The terminology used herein is for the purpose of describing particular example embodiments only and is not intended to be limiting.
These and other features of the present application, as well as the operation and function of the related elements of structure and the combination of parts and economies of manufacture, may be significantly improved upon consideration of the following description. All of which form a part of this application, with reference to the accompanying drawings. It is to be expressly understood, however, that the drawings are for the purpose of illustration and description only and are not intended as a definition of the limits of the application.

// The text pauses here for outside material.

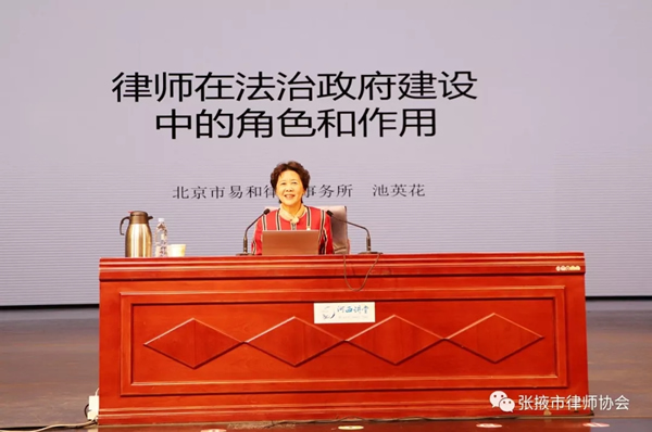 池英花律师系全国政府法律服务联盟执行主席,长期专注于为政府机关提供全面的法律服务,在提升政府的执政能力、建设法治政府方面积累了丰富的实务经验。26日上午,池英花律师主要针对政府法律顾问目前存在的问题和出路,如何改善提升政府法律服务等实务性问题,进行了深入的分析和讲述。

These and other features of the present application, as well as the operation and function of the related elements of the structure, and the economic efficiency of assembly and manufacture, are significantly improved by the following description. All of which form a part of this application with reference to the accompanying drawings. It is to be expressly understood, however, that the drawings are for the purpose of illustration and description only and are not intended as a definition of the limits of the application. It should also be understood that the drawings are not drawn to scale.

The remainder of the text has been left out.